/dsc-seaborn-dc-ds-071519

Primary LanguageJupyter NotebookOtherNOASSERTION

Seaborn

Introduction

In this lesson, we'll be introduced to a second, more powerful data visualization library, Seaborn!

Objectives

You will be able to:

  • Understand the relationship between Seaborn and Matplotlib, and when to use each
  • Create basic visualizations with Seaborn

What is Seaborn?

Seaborn is a Data Visualization library that makes it really, really easy to create professional-quality statistical visualizations with only one or two lines of code. Seaborn also makes it really easy to modify the aesthetics of a plot, so that we can make sure all of our visualizations are eye-catching and easy to interpret, which isn't always the case with Matplotlib.

Seaborn and Matplotlib

If seaborn is so awesome, you may be wondering why we bothered teaching you Matplotlib at all! The answer is that Seaborn is not a competing library--it's actually built on top of Matplotlib! Whereas Matplotlib provides the basic functionality for creating plots and filling them with different kinds of shapes and colors, Seaborn takes this functionality a step farther by providing a bunch of ready-made mathematical visualizations that are commonly used in Data Science. Best of all, Seaborn is written to be simple to use and easy to understand, so most visualizations only take 1 or 2 lines of code!

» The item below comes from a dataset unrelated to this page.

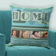 Um travesseiro verde moderno com um tema "Casa é..." com suas próprias fotos e texto e novas folhas verdes. Bonita para Dia de as mães ou para adicionar fotos do seu animal de estimação favorito...
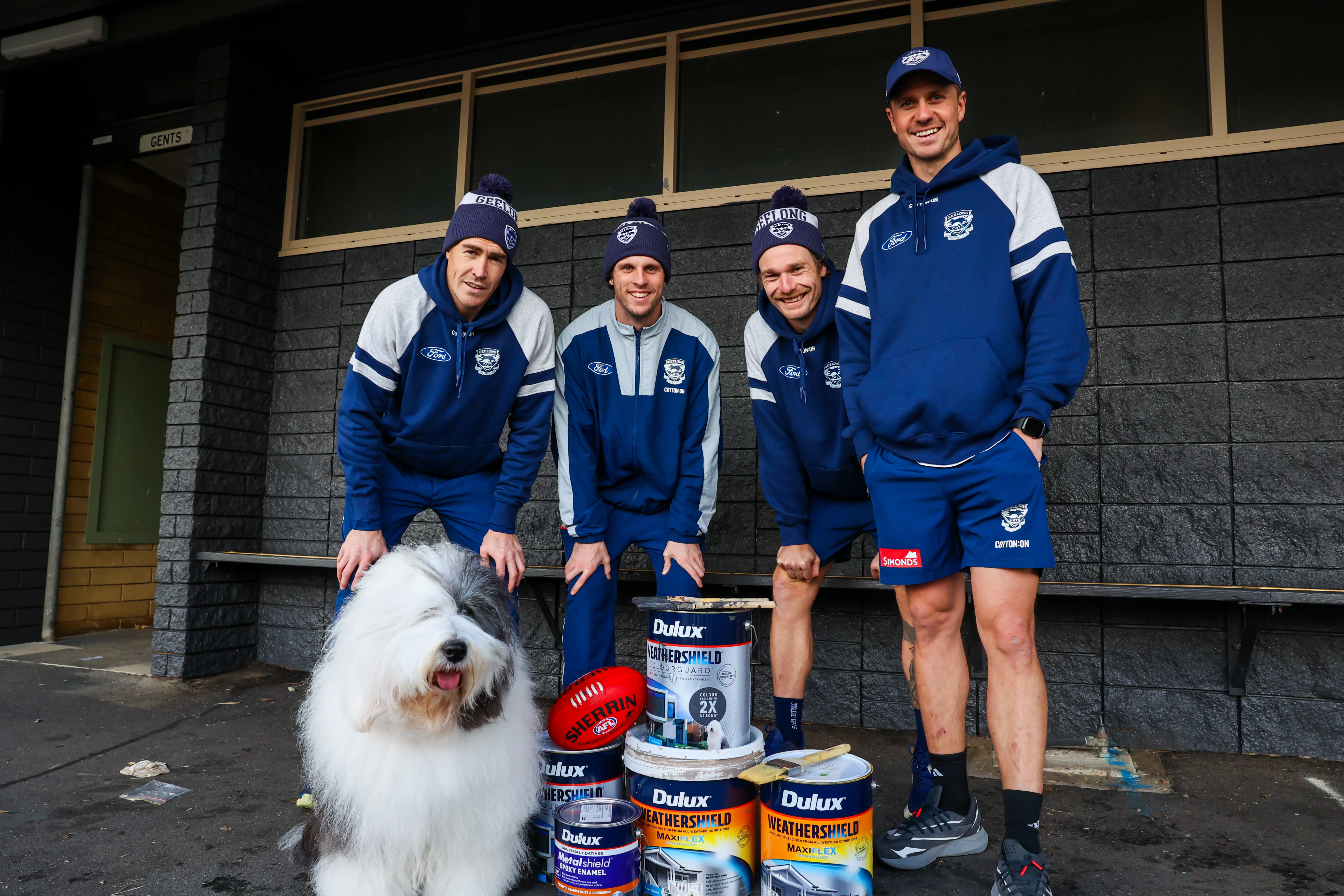 We were super excited to support the repainting of Portarlington Football Netball Club. With the Dulux dog overseeing work, Cats players Tom Stewart and Mitch Duncan joined club volunteers to transform Portarlington's facilities in time to celebrate its 150th birthday in August 2024.

The plot on the left is a standard plot from Matplotlib. The plot on the right is from Seaborn. What a difference!

png png

When to Use Each

When you're just performing some basic EDA and exploring a dataset, there are times when matplotlib may be most useful to you. If that's the case, don't be afraid to stick to matplotlib. However, Seaborn shines in two particular areas--providing ready-made plots for statistical analysis, and making beautiful plots for presenting to others. Perhaps, during your EDA, you want to see the regression line between two features. If that's the case, Seaborn should be your choice, because it only takes a single line of code, whereas Matplotlib would be more complicated.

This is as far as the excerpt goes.